②小選挙区制度により「死票」が多くなり、支持率が少なくても過半数の議席を得ることがある。
政策決定が早くなる利点はあるが、少数政党の意見は排除され、原案修正の為の話し合いが意見表明だけのものになっています。
③小選挙区制度の本来の目的であった「2大政党での政権交代による国政の活性化」が、対立政党が生まれない現状から、自民党一党独裁を生んだ。
(現在公明党の存在は一党独裁の非難を回避することがその第一目的ではないか)
現在の日本では、2大政党制はできないのではないか。
国民の側が「とりあえずやらせてみよう」とは考えず『リスクのある変化より低い安定』を選ぶから。
④一党独裁の結果、公務員制度改革の一環として内閣人事局を設立した。
そこで、各省における部長・審議官級以上の幹部職員・閣僚推薦者について、内閣人事局が適格性審査を経て幹部候補者名簿を作成する。
これをもとに各省が人事案を作成し、首相・官房長官・閣僚が任免について協議した上で決定することになる。

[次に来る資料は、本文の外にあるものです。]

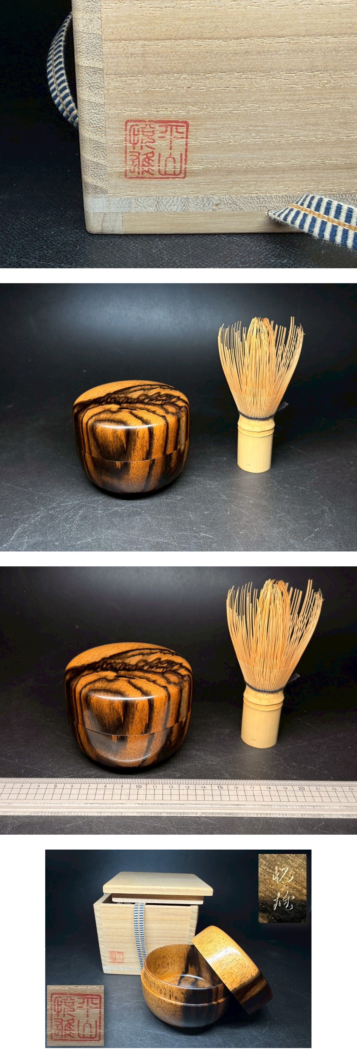 ●希少 銘木【黒柿】平山悦雄 作 銘 平棗 共箱 栞 茶道具 時代物 極上の孔雀杢 網杢 骨董 日本伝統工芸品 旧蔵出 初心出 コレクター放出品33 ■サイズ:直径 8.8cm/高さ 6.4cm ※素人寸法の為、若干の誤差はご了承ください。 ■状態につきましては経年に伴うスレ・汚れ・小キズ などが見られます。 ※その他の細かな状態は写真にてご確認・ご了承の上 ご入札くださいませ。 ●こちらの商品などは時代物や古いお品・骨董品となり ますので、細かな状態を気にされる方・神経質な方の ご入札はご遠慮くださいませ。【EHN/Y】 |
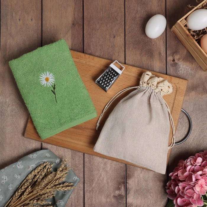 Набор подарочный "Сhamomile" полотенце 30х60см, тёрка 7,7*3,7см

これにより、各省幹部人事を内閣官房・官邸がコントロールすることができるようになった。
(以前は、各省における局長以上の人事は、省内で決定した後、内閣の承認を経ていた)
⑤首相、官房長官、外務、防衛の4大臣会合を中心とし、内閣主導のもと一元的な政策の実施を行う「国家安全保障局」を設立し、内閣人事局と共に内閣官房に配置している。
そして2001年には186人だったその人員を1100人まで増員し、外交・安全保障について内閣主導のもと一元的な政策の実施を行っている。
「小選挙区制」や「政党助成金」の導入については、ずいぶん前に久米宏さんのニュースステーションで白鳳大学の福岡政行教授が前向きに力説されていた。
しかし、その理想とはかけ離れ、現実は2大政党制は実現できず、政党助成金も「企業献金」を許したざる法で、何の為に国費を費やしたのかわからなくなっている。
平成が終わった今年、年末に考えたことです。
日本の民主主義が低迷していることの原因は、イギリスのシンクタンクによると、「投票率の低さ」と「女性議員の少なさ」なのだそうです。
国境なき記者団によると、国政の閉鎖性にあるようです。
「じゃあ、どうすれば良いの?」という問いには、残念ながら答えられません。
「素人の文句垂蔵」にできること・・・
香港の学生ほどエネルギーはないので、次の選挙かな・・・。
誰か、政治家の中村哲さんが出てこないかな。
ホセ・ムヒカさんならなお良いのですが。